The Hole In The Wall – Revamped & Reopened

The Hole In The Wall has long since been one of the pubs I would recommend to those that needed a quiet bolt hole, close to Temple Meads and The Thekla. The pub is steeped in history from the days of Black Beard the pirate and famously provided a safe hiding place for those wanting to escape press gangs and a miserable life at sea.

Admittedly, however, the pub was getting tired, the menu samey and not exciting and the vibe confused. After a short refurbishment period, the doors have been flung open and I barely recognised the place.


With the paint still almost wet to touch were set up with cocktails to sip whilst waiting for nibbles and left t soak in the surroundings on luxurious leather sofas. The previous decor is a distant memory with the old photos and drawings of maritime Bristol replaced with fairy lights and modern art. I admit I miss the history, as for me that was the draw of the place, hopefully, I can scrounge some of the removed pictures the next time I go in.


Our predinner nibbles was a platter of bite-sized bits, served by a wonderful waiter. These included a beautiful duck pate with gooseberries, a lobster pate, falafel and lamb koftas. These were polished off with enthusiasm, mostly because they all tasted wonderful but also because the free booze was generous and we headed up to our table.

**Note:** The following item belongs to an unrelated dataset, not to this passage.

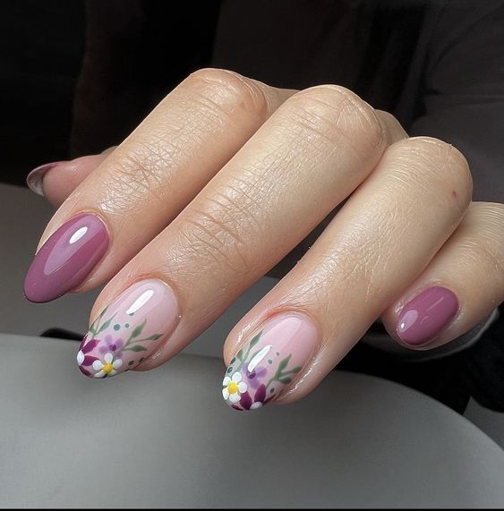 This design showcases a soft mauve base with delicate floral details. It’s perfect for those who love a subtle yet stylish nail design.

The upstairs dining area has been totally revamped and is now a warm and cosy space with a real luxurious feel. One of the old dining rooms has been converted into a private dining area, of which I would certainly look at booking in the future with promises of more rooms opening up in future.


The menu too has been totally overhauled, providing a far more refined version to the previous “pub grub” on offer before. I opted for the duck pate, a larger version of the one previously as I enjoyed it so much, that came with toast and a prosecco and gooseberry chutney. The duck was rich, smooth and indulgent with the chutney providing a sharp and sweet quick to slice through the fatty, butteriness of the pate. As usual, there wasn’t enough bread but I was more than happy to keep eating without it. My pal went for the thyme roasted mushrooms on toast, served with a “Cropwell Bishop” (blue cheese) sauce. Again the dish was very rich with the mushrooms cooked through so not wet but holding their shape and generously coated with blue cheese.

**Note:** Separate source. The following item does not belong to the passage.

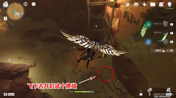 1、玩家需要向山崖下面飞,会触发一个限时挑战。

For main I kept on a sea theme and opted for the pork belly and scallop dish, a slab of pork belly showed up, with tentacle-like crackling scattered across the plate and a rich bed of potato dauphinoise, butternut squash purée, green beans and toasted almonds for it to sit on. The scallops sadly were a bit of a letdown, cold and overcooked but the rest of the dish was wonderful. Sweet squash purée and beans paired perfectly with the fatty but melt in the mouth pork, the crackling was crisp and salty and a dentists nightmare and adored the accidental cephalopod garnish.


My friend had lobster and Devon crab cakes with asparagus, pea & truffle oil velouté topped with crispy seaweed. The lightly fried, crisp and delicately flavoured cakes came nearly floating in the smooth velouté, packed with flavour and an earthy sweetness that managed to not overcome the cakes themselves.


Dessert was encouraged by staff and we both went for something chocolatey. I had the chocolate and peanut butter bomb and my friend opted for the chocolate and raspberry pudding.  My bomb, bombed, the hot salted caramel sauce came lukewarm and my server just couldn’t get my dome to collapse. I instead whacked it with a spoon for a similar effect. The dessert itself was a jaw sticking ode to peanut butter and I was unable to finish it. Perhaps I would have done better to choose something a lot lighter! The raspberry and chocolate pudding, on the other hand, was a melt in the middle delight, with tangy raspberry and sweet chocolate coming together in beautiful unity.


We were both so impressed with the complete change of direction The Hole In The Wall has gone in and were treated to a night full of great food, drink and exemplary service. No longer will I be suggesting it as a place to go and waste an hour before a train or a gig but a serious contender for a great three-course meal with friends and family.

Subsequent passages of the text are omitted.